A WISE View of Star Formation in Local Galaxy Clusters
Sun Mi Chung, Peter R. Eisenhardt, Anthony H. Gonzalez, Spencer A., Stanford, Mark Brodwin, Daniel Stern, Thomas Jarrett

TL;DR
This study uses WISE 22 micron data to analyze star formation activity in 69 local galaxy clusters, revealing how star formation varies with radius and cluster mass.
Contribution
It provides a systematic analysis of star formation in galaxy clusters beyond R200 using infrared data, highlighting the weak dependence on cluster mass.
Findings
Star-forming galaxy fraction increases with radius but stays below field levels.
No strong correlation between cluster mass and total specific star formation rate.
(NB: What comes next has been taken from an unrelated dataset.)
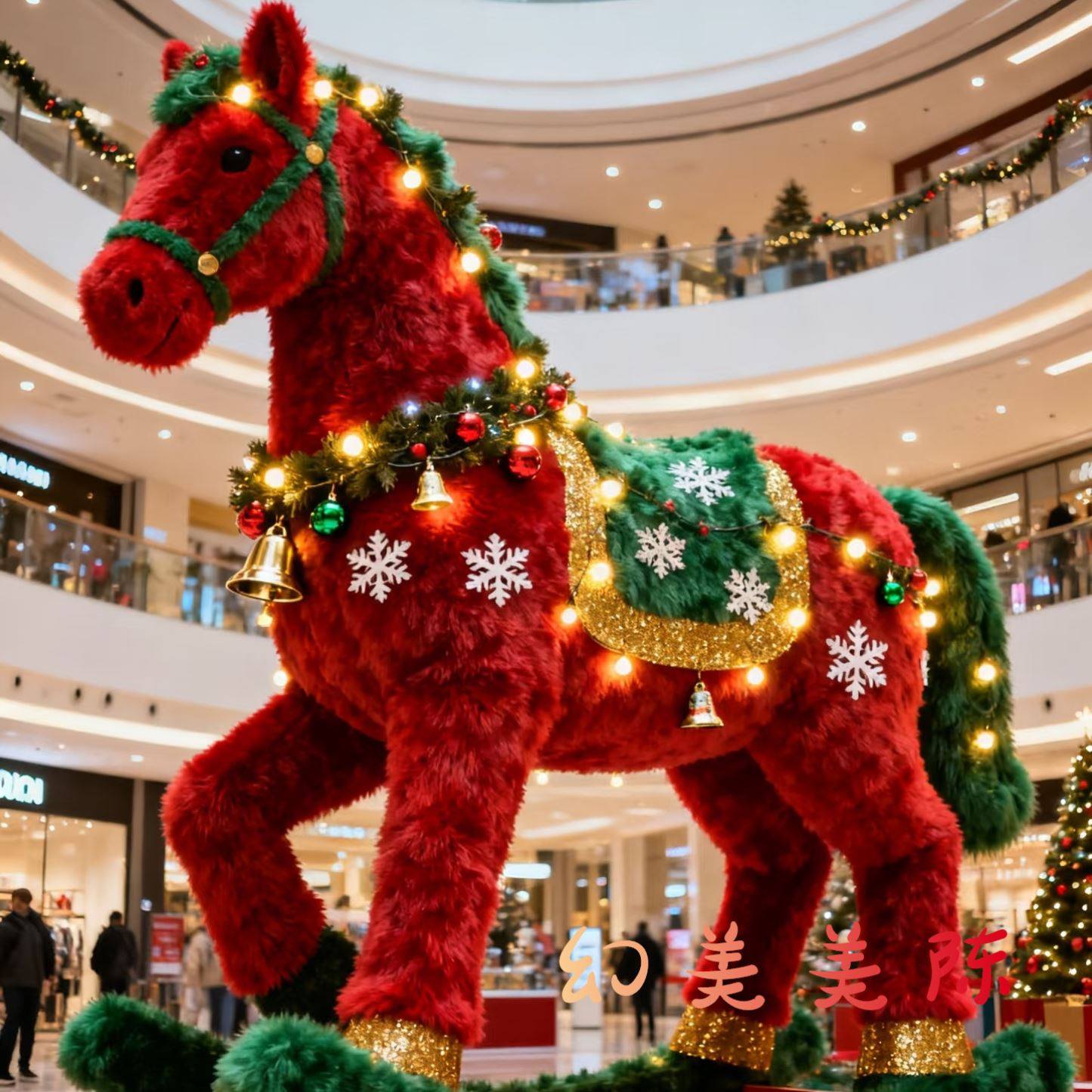网红拍照打卡点毛绒马雕塑美陈装饰商场元旦马年巨型活动道具定制

Star formation activity is more influenced by local environment than cluster mass.
Abstract
We present results from a systematic study of star formation in local galaxy clusters using 22 micron data from the Wide-field Infrared Survey Explorer (WISE). The 69 systems in our sample are drawn from the Cluster Infall Regions Survey (CIRS), and all have robust mass determinations. The all-sky WISE data enables us to quantify the amount of star formation, as traced by 22 micron, as a function of radius well beyond R200, and investigate the dependence of total star formation rate upon cluster mass. We find that the fraction of star-forming galaxies increases with cluster radius but remains below the field value even at 3 R200. We also find that there is no strong correlation between the mass-normalized total specific star formation rate and cluster mass, indicating that the mass of the host cluster does not strongly influence the total star formation rate of cluster members.